ASSIGNED TASK:
Without the images, write out the entries word for word.

INFORMATION GIVEN:
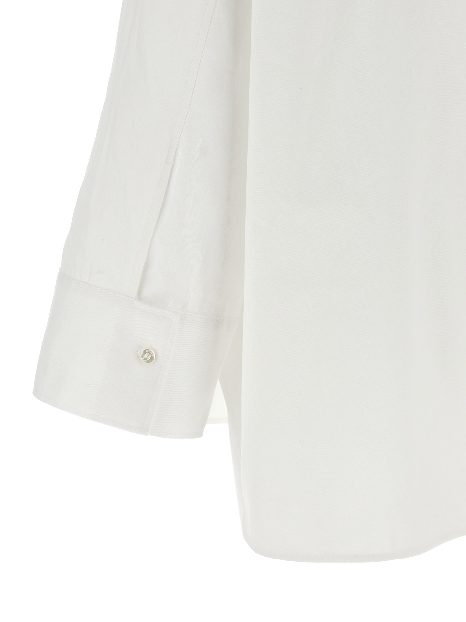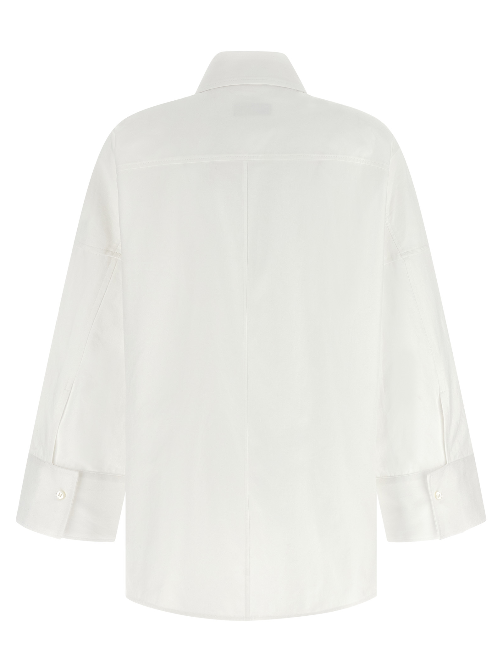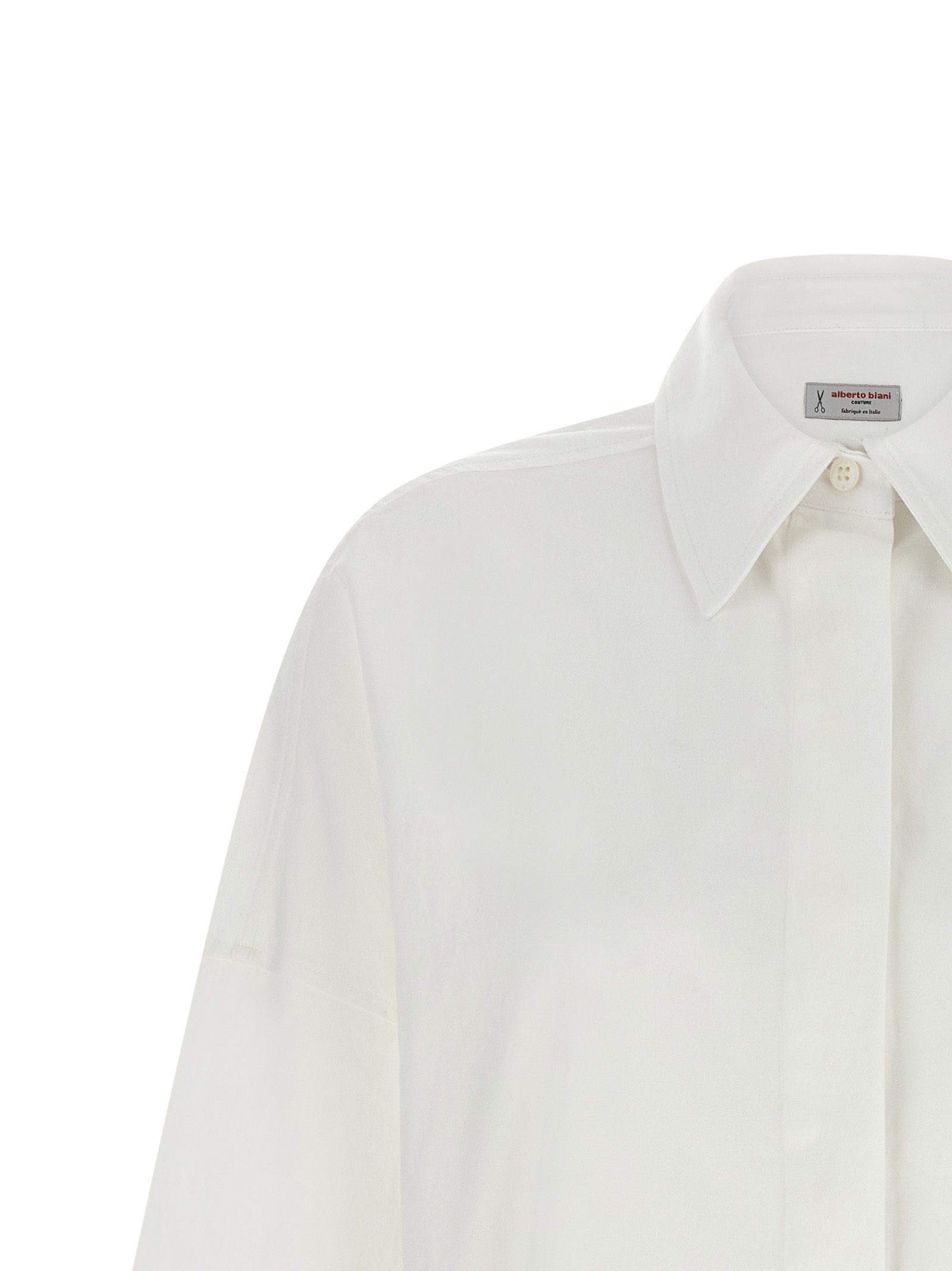 Thick washed-effect cotton shirt, wide collar, with rounded side slits, dropped shoulder, wide sleeves with cuffs. Front closure with hidden buttons.
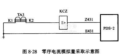 C.零序電流模擬量采取方法:零序電流模擬量取自零序電流互感器(3TA)二次側。可與零序電流繼電器(KCZ)串聯共用,其接線圖如圖8-27~8-28所示。
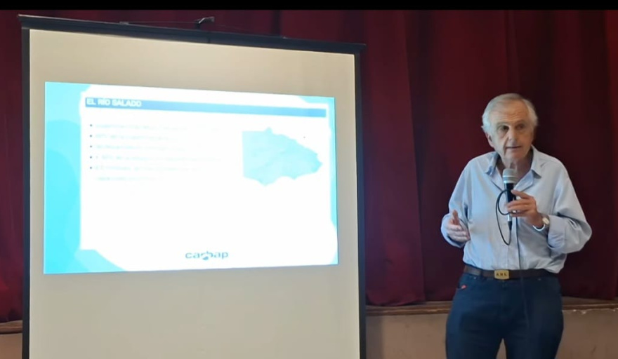 Durante la asamblea, Larrañaga presentó imágenes que recorren la historia del proyecto hídrico, los avances, el financiamiento y la importancia del Fondo Hídrico, herramienta central del sistema de obras que aún necesita ampliarse para continuar su ejecución.
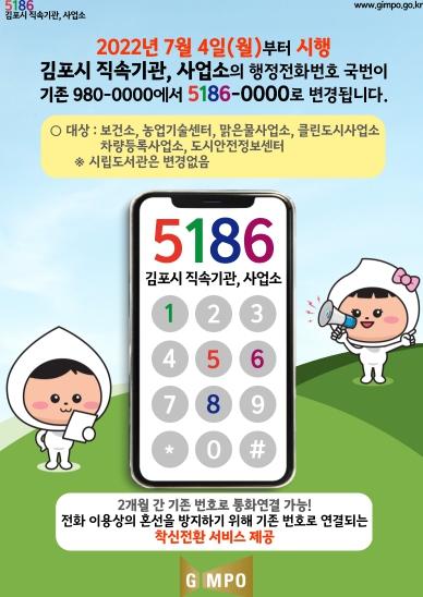 김포시는 행정기구의 지속적인 증가 등 인구 75만 대비 행정전화번호의 체계적 관리를 위하여 직속기관, 사업소의 행정전화 국번을 980에서 5186으로 7월 4일(월)부터 변경한다고 밝혔다.
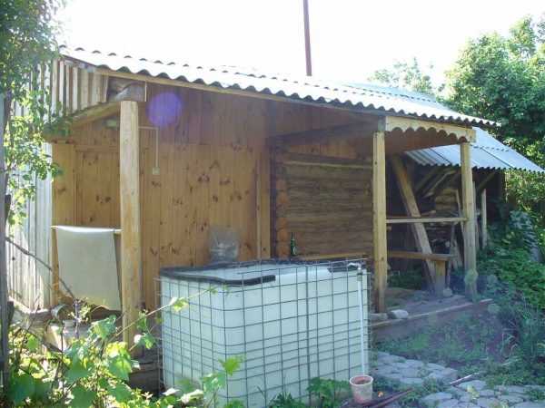 Бюджетный вариант банной купелиЕще вариант — использовать в качестве купели кубовую емкость для воды. Она продается сразу с металлической подставкой. Все что надо — срезать у полставки верх и установить по своему усмотрению. Если хотите — можно забетонировать, как на фото ниже.
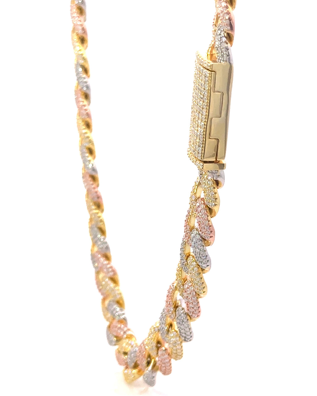 RILANE; This premium quality tri color cuban chain is trendy and long lasting. Adorned with white moissanite stones beautifully, this piece is sure to make a statement. Get your hands on it before it runs out of your access.
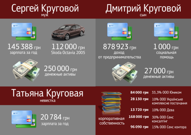 Как выяснилось в ходе журналистского расследования, сын судьи Дмитрий Круговой – бизнес-партнер Маслова в 5 компаниях. Но почему-то в декларации судьи Круговой за прошлые года было указано, что сын владеет долями всего лишь трех фирм – ООО «Юником» (доля владения 33,33%), ООО «Дева-71» (10%), ООО «Украинская комплексное снабжение» (10%). Что это – сокрытие доходов членов семьи с целью уклонения от налогов или «забывчивость»? Кстати, в декларации же за прошлый год ошибка была исправлена: Светлана Самуиловна указала еще две фирмы, в которых ее сын имеет доли вместе с Леонидом Масловым – ООО «Фирма «Сенс-Консалтинг» и ООО «Сенс-контора». Но ни в одну из деклараций кандидат в Верховный Суд не внесла собственность 100% корпоративных прав сына в ООО «Лукьянцы» (Харьков, ул. Академика Проскуры, д.1)!
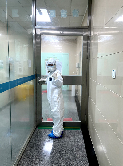 今天是来到发热门诊的第四天,整装完毕后,我身着“里三层外三层”防护铠甲来到诊室。看着窗外排着长长的队伍,一张张布满焦虑的脸庞似乎是一种催促,完成晨间消毒工作后,我和医生迅速投入到接诊工作中,尽全力让更多病人早一分钟接受诊治,为早日战胜病魔带来一分希望。
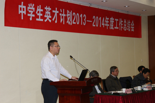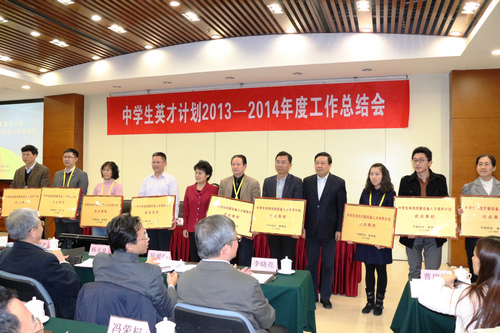 12月10-11日,中学生英才计划2013-2014年度工作总结会在中国科技会堂召开,全国政协副主席、中国科协主席、中学生英才计划专家咨询委员会主任韩启德;中国科协党组书记、书记处第一书记尚勇;教育部党组成员、部长助理林蕙青等领导出席会议,授予试点高校“中学生科技创新后备人才培养计划试点高校”牌匾。
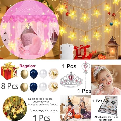 Beyson - Beyson Portable Girls and Boys Tent - Princess Castle with Rectangular Picnic Pad + Crown and Wand + Star Lights + Balloons, Tents House (Pink)
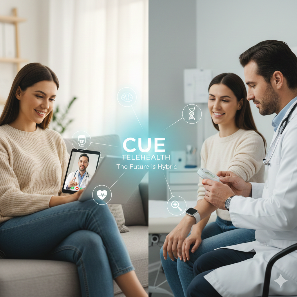Cue Telehealth delivers flexible, comprehensive, and personalized health evaluations right to your front door, virtually or in person.

OUTPUT FOR THIS EXERCISE:
 Thick washed-effect cotton shirt, wide collar, with rounded side slits, dropped shoulder, wide sleeves with cuffs. Front closure with hidden buttons.
 C.零序電流模擬量采取方法:零序電流模擬量取自零序電流互感器(3TA)二次側。可與零序電流繼電器(KCZ)串聯共用,其接線圖如圖8-27~8-28所示。
 Durante la asamblea, Larrañaga presentó imágenes que recorren la historia del proyecto hídrico, los avances, el financiamiento y la importancia del Fondo Hídrico, herramienta central del sistema de obras que aún necesita ampliarse para continuar su ejecución.
 김포시는 행정기구의 지속적인 증가 등 인구 75만 대비 행정전화번호의 체계적 관리를 위하여 직속기관, 사업소의 행정전화 국번을 980에서 5186으로 7월 4일(월)부터 변경한다고 밝혔다.
 Бюджетный вариант банной купелиЕще вариант — использовать в качестве купели кубовую емкость для воды. Она продается сразу с металлической подставкой. Все что надо — срезать у полставки верх и установить по своему усмотрению. Если хотите — можно забетонировать, как на фото ниже.
 RILANE; This premium quality tri color cuban chain is trendy and long lasting. Adorned with white moissanite stones beautifully, this piece is sure to make a statement. Get your hands on it before it runs out of your access.
 Как выяснилось в ходе журналистского расследования, сын судьи Дмитрий Круговой – бизнес-партнер Маслова в 5 компаниях. Но почему-то в декларации судьи Круговой за прошлые года было указано, что сын владеет долями всего лишь трех фирм – ООО «Юником» (доля владения 33,33%), ООО «Дева-71» (10%), ООО «Украинская комплексное снабжение» (10%). Что это – сокрытие доходов членов семьи с целью уклонения от налогов или «забывчивость»? Кстати, в декларации же за прошлый год ошибка была исправлена: Светлана Самуиловна указала еще две фирмы, в которых ее сын имеет доли вместе с Леонидом Масловым – ООО «Фирма «Сенс-Консалтинг» и ООО «Сенс-контора». Но ни в одну из деклараций кандидат в Верховный Суд не внесла собственность 100% корпоративных прав сына в ООО «Лукьянцы» (Харьков, ул. Академика Проскуры, д.1)!
 今天是来到发热门诊的第四天,整装完毕后,我身着“里三层外三层”防护铠甲来到诊室。看着窗外排着长长的队伍,一张张布满焦虑的脸庞似乎是一种催促,完成晨间消毒工作后,我和医生迅速投入到接诊工作中,尽全力让更多病人早一分钟接受诊治,为早日战胜病魔带来一分希望。
 12月10-11日,中学生英才计划2013-2014年度工作总结会在中国科技会堂召开,全国政协副主席、中国科协主席、中学生英才计划专家咨询委员会主任韩启德;中国科协党组书记、书记处第一书记尚勇;教育部党组成员、部长助理林蕙青等领导出席会议,授予试点高校“中学生科技创新后备人才培养计划试点高校”牌匾。
 Beyson - Beyson Portable Girls and Boys Tent - Princess Castle with Rectangular Picnic Pad + Crown and Wand + Star Lights + Balloons, Tents House (Pink)
Cue Telehealth delivers flexible, comprehensive, and personalized health evaluations right to your front door, virtually or in person.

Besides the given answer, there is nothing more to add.